Dalia: I like that framing and that you can set a boundary for what type of energy you want to draw in and which ancestors you want to hear from.
Angela: I think that that's helpful to know too, because I think ancestral healing is sometimes it, it can be scary for people because of the fact that a lot of us have ancestors who weren't, you know, the most pure people on the earth, right? Like they, they probably did a lot of harmful things and and so it can, it can bring up a lot.
Angela: And that's why I'm also a huge advocate while doing ancestral healing work to have some sort of tools that ground you and that will help, you know, clear any energy that is moving through you because a lot of it can be confronting, especially if you're just new to it. And so that's like, tools basically like dancing I love dancing and it connects me to my ancestors as well.

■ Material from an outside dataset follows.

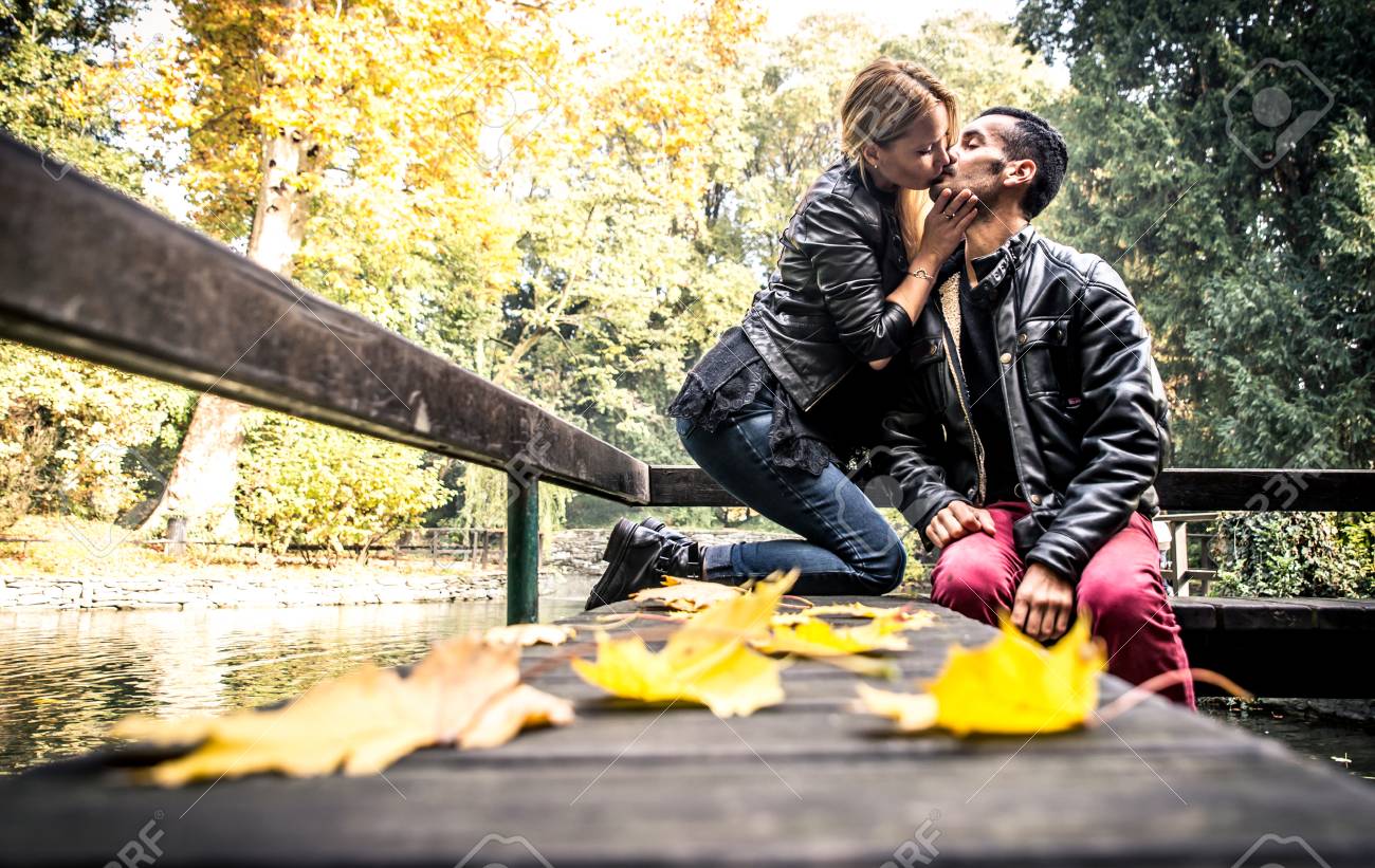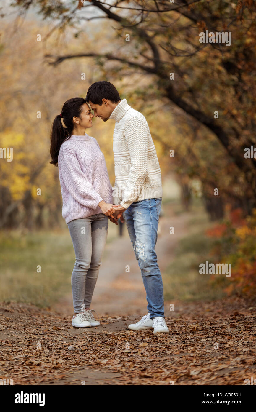 Couple In Love Has Happy Moments And Enjoying Beautiful Autumn Day In Park Stock Photo Alamy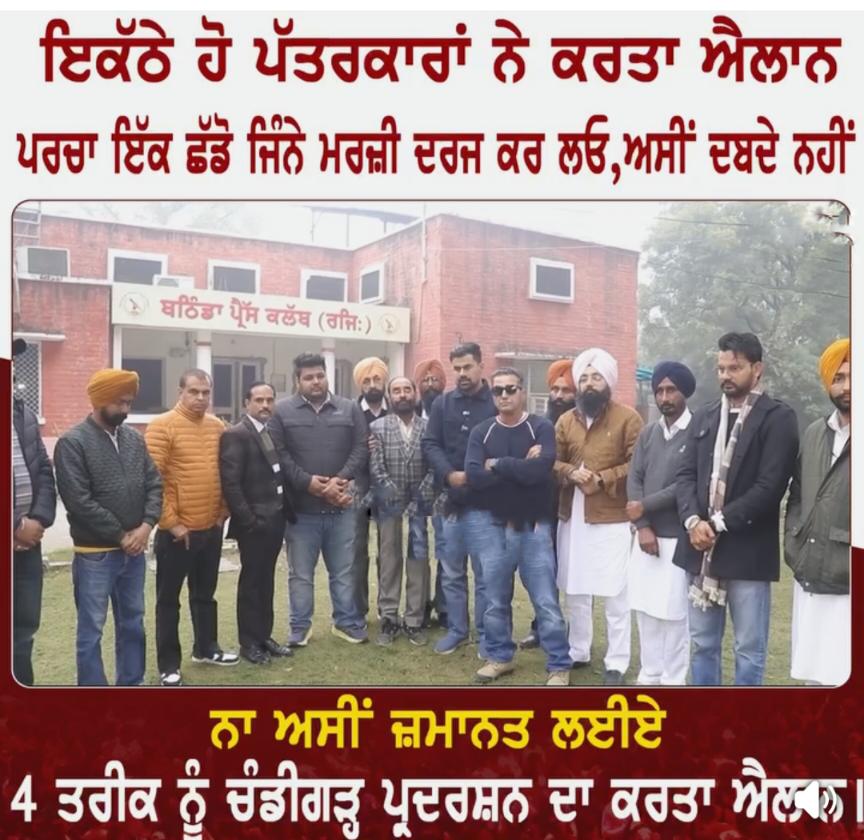 -ਪੰਜਾਬ ਸਰਕਾਰ ਵੱਲੋਂ ਪੰਜਾਬ ਦੇ ਸੀਨੀਅਰ ਪੱਤਰਕਾਰ ਮਨਿੰਦਰਜੀਤ ਸਿੰਘ ਸਿੱਧੂ, ਮਿੰਟੂ ਗੁਰੂਸਰੀਆ, ਮਨਦੀਪ ਮੱਕੜ, ਆਰਟੀਆਈ ਐਕਟੀਵਿਸਟ ਮਾਣਕ ਗੋਇਲ ਸਮੇਤ 10 ਜਣਿਆਂ ‘ਤੇ ਮੁਕੱਦਮਾ ਦਰਜ ਕਰਨ ਤੋਂ ਬਾਅਦ ਜਿੱਥੇ ਸਮੁੱਚੇ ਪੰਜਾਬ ‘ਚ ਸਰਕਾਰ ਦੇ ਇਸ ਕਦਮ ਦੀ ਨਿੰਦਾ ਹੋ ਰਹੀ ਹੈ ਉੱਥੇ ਪੱਤਰਕਾਰਾਂ ਨੇ ਵੀ ਸੰਘਰਸ਼ ਦਾ ਬਿਗਲ ਵਜਾ ਦਿੱਤਾ ਹੈ। ਉਕਤ ਪੱਤਰਕਾਰਾਂ ਦੇ ਖ਼ਿਲਾਫ਼ ਲੁਧਿਆਣਾ ਦੇ ਇੱਕ ਪੁਲਿਸ ਸਟੇਸ਼ਨ ਵਿੱਚ ਐਫਆਈਆਰ ਦੀ ਭਿਣਕ ਲੱਗਣ ਤੋਂ ਬਾਅਦ ਬਠਿੰਡਾ ਵਿਖੇ ਸੀਨੀਅਰ ਪੱਤਰਕਾਰ ਬਖਤੌਰ ਸਿੰਘ ਢਿੱਲੋਂ ਦੀ ਅਗਵਾਈ ਹੇਠ ਹੋਈ ਇੱਕ ਹੰਗਾਮੀ ਮੀਟਿੰਗ ਵਿੱਚ ਐਫਆਈਆਰ ਵਿੱਚ ਨਾਮਜ਼ਦ ਮਿੰਟੂ ਗੁਰੂਸਰੀਆ, ਮਨਜਿੰਦਰਜੀਤ ਸਿੱਧੂ ਨੇ ਸਰਕਾਰ ਵੱਲੋਂ ਕੀਤੀ ਕਾਰਵਾਈ ‘ਤੇ ਤਿੱਖੀ ਪ੍ਰਤੀਕਿਰਿਆ ਕਰਦੇ ਹੋਏ ਕਿਹਾ ਕਿ ਹੁਣ ਪੰਜਾਬ ਸਰਕਾਰ ਨੂੰ ਉਸ ਦੀ ਭਾਸ਼ਾ ਵਿੱਚ ਹੀ ਜਵਾਬ ਦਿੱਤਾ ਜਾਵੇਗਾ। ਸਰਕਾਰ ਵੱਲੋਂ ਦਰਜ ਕੀਤੀ ਐਫਆਈਆਰ ਵਿੱਚ ਨਾਮਜ਼ਦ ਪੱਤਰਕਾਰਾਂ ਨੇ ਕਿਹਾ ਕਿ ਉਹ ਇਸ ਮਾਮਲੇ ਵਿੱਚ ਜ਼ਮਾਨਤ ਨਹੀਂ ਕਰਾਉਣਗੇ ਅਤੇ ਗ੍ਰਿਫ਼ਤਾਰੀ ਲਈ ਹਮੇਸ਼ਾ ਹਾਜ਼ਰ ਰਹਿਣਗੇ। ਉਹਨਾਂ ਕਿਹਾ ਕਿ ਜਦੋਂ ਪੰਜਾਬ ਪੁਲਿਸ ਉਹਨਾਂ ਨੂੰ ਗ੍ਰਿਫ਼ਤਾਰ ਕਰਨਾ ਚਾਹੇ ਤਾਂ ਉਨਾਂ ਨੂੰ ਫੋਨ ਕਰ ਦਿੱਤਾ ਜਾਵੇ ਤੇ ਉਹ ਆਪਣੀ ਲੋਕੇਸ਼ਨ ਪੰਜਾਬ ਪੁਲਿਸ ਨੂੰ ਭੇਜ ਦੇਣਗੇ। ਪੰਜਾਬ ਸਰਕਾਰ ਦੇ ਖ਼ਿਲਾਫ਼ ਅਗਲੇ ਸੰਘਰਸ਼ ਦਾ ਐਲਾਨ ਕਰਦੇ ਹੋਏ ਪੱਤਰਕਾਰ ਸਾਥੀਆਂ ਨੇ ਦੱਸਿਆ ਕਿ 4 ਜਨਵਰੀ ਨੂੰ ਚੰਡੀਗੜ੍ਹ ਵਿਖੇ ਪੰਜਾਬ ਦੇ ਪੱਤਰਕਾਰਾਂ ਤੇ ਜਨਤਕ ਜਥੇਬੰਦੀਆਂ ਦੇ ਆਗੂਆਂ ਦੀ ਇੱਕ ਸੰਕੇਤਿਕ ਮੀਟਿੰਗ ਬੁਲਾਈ ਗਈ ਜਿਸ ਵਿੱਚ ਅਗਲੇ ਐਕਸ਼ਨ ਲਈ ਰੂਪਰੇਖਾ ਉਲੀਕੀ ਜਾਵੇਗੀ ਅਤੇ ਉਸ ਤੋਂ ਬਾਅਦ 10 ਜਨਵਰੀ ਨੂੰ ਬਠਿੰਡਾ ਵਿਖੇ ਪੱਤਰਕਾਰਾਂ ਦਾ ਇਕੱਠ ਕੀਤਾ ਜਾਵੇਗਾ। ਦੂਜੇ ਪਾਸੇ ਪੱਤਰਕਾਰਾਂ ਦੀ ਸਿਰਮੌਰ ਜਥੇਬੰਦੀ ਪੰਜਾਬ ਐਂਡ ਚੰਡੀਗੜ੍ਹ ਜਰਨਲਿਸਟਸ ਯੂਨੀਅਨ ਨੇ ਇਸ ਮਾਮਲੇ ਨੂੰ ਗੰਭੀਰ ਮੰਨਦੇ ਹੋਏ ਪੰਜਾਬ ਦੇ ਸਾਰੇ ਡਿਪਟੀ ਕਮਿਸ਼ਨਰਾਂ ਰਾਹੀਂ ਚੇਅਰਮੈਨ ਪ੍ਰੈੱਸ ਕੌਂਸਲ ਆਫ਼ ਇੰਡੀਆ ਤੇ ਸਕੱਤਰ ਪ੍ਰੈੱਸ ਕੌਂਸਲ ਆਫ਼ ਇੰਡੀਆ ਦੇ ਨਾਮ ਮੰਗ ਪੱਤਰ ਭੇਜਣ ਦਾ ਫੈਸਲਾ ਕੀਤਾ ਹੈ। ਪੰਜਾਬ ਦੇ ਸਰਕਾਰੀ ਹੈਲੀਕਾਪਟਰ ਦੀ ਵਰਤੋਂ ਸਬੰਧੀ ਸਿਰਫ ਸਵਾਲ ਪੁੱਛਣ ‘ਤੇ ਹੀ ਪੱਤਰਕਾਰਾਂ ਅਤੇ ਬਲੌਗਰਾਂ ‘ਤੇ ਪੁਲਿਸ ਕਾਰਵਾਈ ਕਰਨ ਤੋਂ ਰੋਹ ਵਿੱਚ ਆਈਆਂ ਪੱਤਰਕਾਰ ਜਥੇਬੰਦੀਆਂ ਅਤੇ ਜਨਤਕ ਜਥੇਬੰਦੀਆਂ ਦੇ ਆਗੂਆਂ ਦੇ ਤੇਵਰਾਂ ਨੂੰ ਵੇਖਦੇ ਹੋਏ ਇਹ ਮਾਮਲਾ ਭਖਣ ਦੇ ਆਸਾਰ ਹਨ ਅਤੇ ਪੰਜਾਬ ਸਰਕਾਰ ਨੂੰ ਆਪਣੀ ਇਸ ਕਾਰਵਾਈ ਦੇ ਕਾਰਨ ਜਨਤਕ ਰੋਹ ਦਾ ਸਾਹਮਣਾ ਕਰਨਾ ਪਵੇਗਾ।

Angela: And so anything that, that allows you to release anything that may come up. I believe our bodies hold so much wisdom and our bodies have our ancestors' blood. So I really love working with the body to, to come to a neutralized point of when you're doing that ancestral work, cuz a lot can come up for sure.
Dalia: Would you say that the greatest tool that you have for connecting to your ancestors is your own body?
Angela: I actually, I do believe that because I like to believe that I'm very in tune with my body and I think everyone can get there. I think society kind of programs us into thinking like, oh, we're so disconnected or our intuition is, is wrong.
Angela: But really like, as, as if you're being, when you came to this earth, like you. As a baby, like you, you knew what your body needed and that's why you like cried and you were hungry. Ever since we come out out of the womb, like we are very in tune with our bodies and it's just that programming and conditioning that disconnects us.
Angela: The oppressor wants us to be disconnected from our bodies because that is how we lose our power. So I believe getting into our bodies and using it as a tool for ancestor work is a way that we take our power back. And I feel that also meditation, like going through deep meditations allows me to use my body to kind of just like spark that, that like connection.
Angela: Like I mentioned, it brings, it has so much wisdom sometimes. I like I'm in, I'm in nature or like, I listen to a song and like, I feel it, and my body, like this deep, like a tingling sensation. It's, it's not something that my mind can really like give a meaning to, but it's like my body knows first.
Angela: Right. I feel too that because our soul is, is connected to our body. It it's like holding our body. The body is one of the, the greatest allies, because it speaks directly. Like it doesn't allow the mind, the mind that allows, that sometimes tells us that we're overthinking it, or, you know, it puts like doubts in our head.
Angela: I think the body comes from a place of pureness.
Dalia: Hmm. I love that framing because my first thought was, well, how do you know that you can connect to your ancestors? So my first reaction was how do we process this intellectually? How do we know that we can even do this? And that ancestral work is something that we can all access. Because when you don't have access to a lot of the traditions that your ancestors practiced.
Dalia: I know, sometimes you feel anxiety around, like, am I doing this correctly? Can I recreate traditions that are lost? But what is your take on that? I would imagine that if the body is the guide, then there are many ways, even if you don't have any way to know the exact traditions that were used, that there are many ways to tap into this power.
Angela: Correct. Yeah. I, I believe our intuition is our biggest guide. And the body, like the body, what it feels the sensations. So for anyone that doesn't have access to, you know, who your ancestors were, I say, the first thing is like, what do you feel inclined to? That is the first thing that you wanna attempt into. A lot of us have, we love things that don't have.